The Book of Mormon: A Biography
Paul C. Gutjahr - 2012
According to Smith, Moroni told him of a buried stack of gold plates that were inscribed with a history of the Americas' ancient peoples, and which would restore the pure Gospel message as Jesus had delivered it to them. Thus began the unlikely career of the Book of Mormon, the founding text of the Mormon religion, and perhaps the most important sacred text ever to originate in the United States. Here Paul Gutjahr traces the life of this book as it has formed and fractured different strains of Mormonism and transformed religious expression around the world.Gutjahr looks at how the Book of Mormon emerged from the burned-over district of upstate New York, where revivalist preachers, missionaries, and spiritual entrepreneurs of every stripe vied for the loyalty of settlers desperate to scratch a living from the land.
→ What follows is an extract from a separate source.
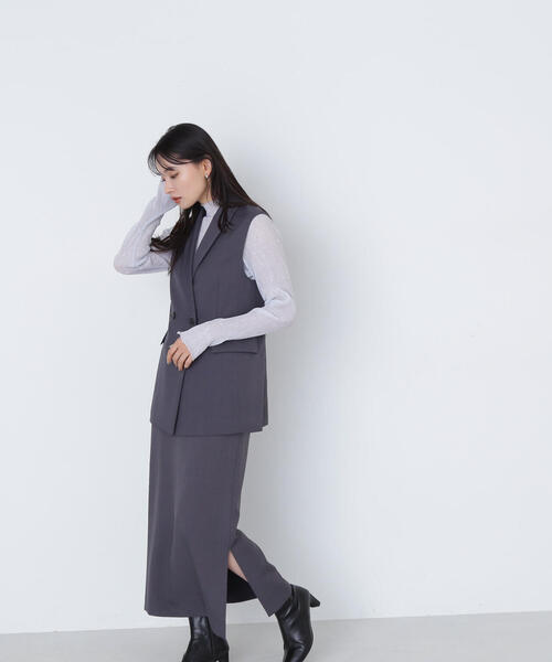 <お仕事シーン・オフィスカジュアルにおすすめ>サイドにスリットをあしらった抜け感のあるナロースカート。ウエストまわりがすっきり見えるように続きのウエストデザインにし、後ろはゴム仕様のためストレスフリーなはき心地です。デザイン性のあるポケット付きで利便性もプラス。同素材のジレとセットアップでも着用いただけます。<素材>肉感のあるクリアなツイル素材を使用しています。<詳細>仕様・左ファスナー裏地・あり透け感・なし / 光沢・なし / 伸縮性・なし 生地の厚さ・普通<シリーズ>■ジレ[品番:017-4255816] ■パンツ[品番:017-4230816] ※モデルの着用画像の場合、光の当たり具合により、実際の色味と異なって見えることがございます。色味は、商品単体の画像をご参照ください。※ウエスト切り替え位置下から裾までのスカート丈は86.5cmになります

He examines how a book that has long been the subject of ridicule--Mark Twain called it "chloroform in print"--has more than 150 million copies in print in more than a hundred languages worldwide. Gutjahr shows how Smith's influential book launched one of the fastest growing new religions on the planet, and has featured in everything from comic books and action figures to feature-length films and an award-winning Broadway musical.